Jonathan S. Melton is an American lawyer and politician. He is one of the first two openly gay people to serve on the Raleigh City Council. He is the current Chairman of the Raleigh City Council's Economic Development and Innovation Committee. Melton is also a founding board member of Stonewall Sports, a national LGBTQ philanthropic sports league.

Education and law career 
Melton graduated from North Carolina State University in 2008 with a bachelor of arts degree in political science. While at State, he served as president of Delta Upsilon and was a member of the Honors Program. In 2011, he graduated magna cum laude from North Carolina Central University School of Law, where he was a member of Phi Delta Phi. He is a member of the Wake County Bar Association and the American Bar Association. Melton is a divorce lawyer who practices in Raleigh, North Carolina. In 2013, he joined the firm Gailor Hunt Jenkins Davis & Taylor as a law partner practicing divorce law after working as a judicial law clerk for Richard A. Elmore of the North Carolina Court of Appeals. On August 5, 2015 he wrote an article for Attorney At Law Magazine titled Aftermath of SCOTUS Marriage Equality Decision, which covered the legalization of same-sex marriage in the United States. Melton is a founding board member of Stonewall Sports, a national LGBTQ and allied philanthropic sports league. He also serves on the board of directors for TLC, formerly the Tammy Lynn Center. In 2017, he helped create an annual fundraising event for the North Carolina AIDS Action Network.

Political career 
Melton ran for Raleigh City Council in 2019 against sitting councilman Russ Stephenson. Melton was endorsed by Indy Week. He was elected to the council as an at-large member, defeating Stephenson, in October 2019. He and Saige Martin were the first two openly LGBTQ people to serve on the City Council. He serves as the Chairman of the City Council's Economic Development and Innovation Committee and is a member of the Transportation and Transit Committee. 

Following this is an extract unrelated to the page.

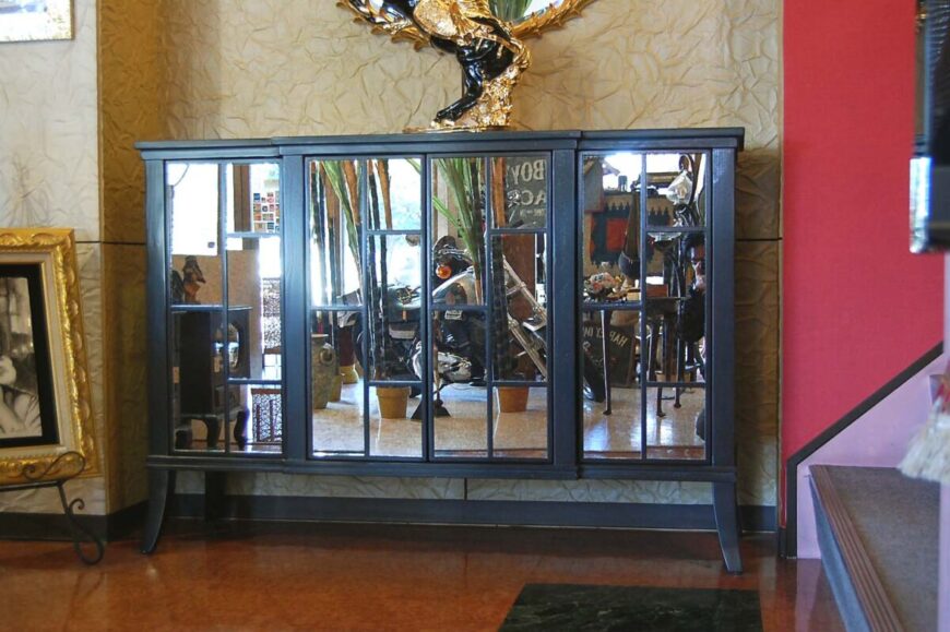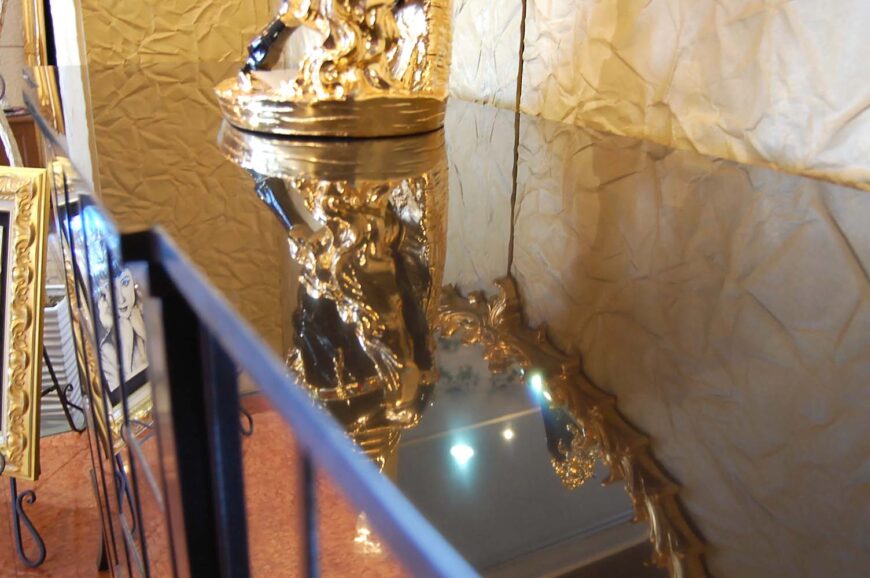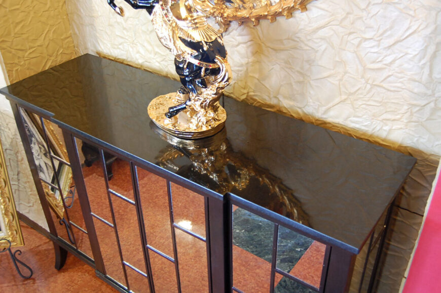 フリント/サイドにはミラー張り 天板には贅沢に天然大理石TOPとなって豪華な仕上がりです
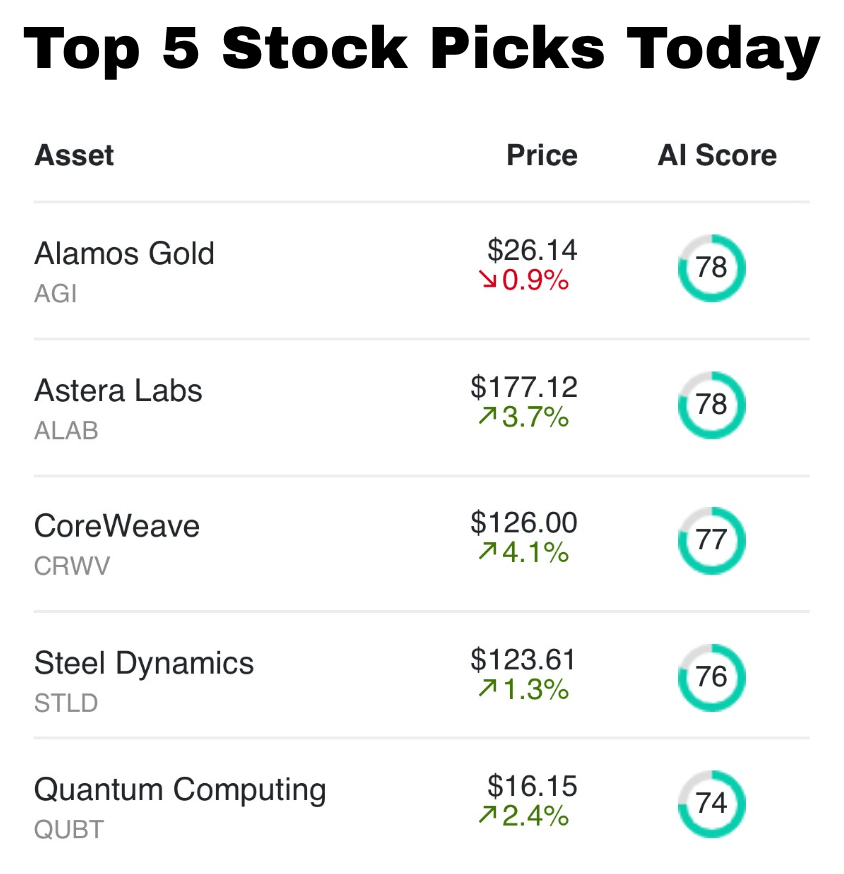 AI might dominate headlines, but the strongest signals aren’t just coming from mega-cap tech. This week’s top AI-scoring stocks span gold mining, semiconductors, cloud infrastructure, and quantum computing.

In January 2020, Melton, along with Mayor Mary-Ann Baldwin and Councilman Patrick Buffkin, drafted new rules that would allow Raleigh residents to use the names of city staff and council members during public comment grievances as long as they refrain from personal attacks.

In July 2020, Melton spearheaded an initiative to ask the North Carolina State Legislature to grant the city's Police Advisory Board oversight powers so that it could investigate and discipline police officers.

Melton accepted the maximum campaign donation allowed from developer John Kane in both the 2020 and 2022 election cycles. Kane, a Republican, has also donated to Lt. Governor Mark Robinson, who has routinely made homophobic and transphobic comments).  In addition, Kane was a founding member of Holy Trinity Anglican Church in Raleigh, which "left the Episcopal church in 2004 largely because of the national church's acceptance of a gay bishop in New Hampshire.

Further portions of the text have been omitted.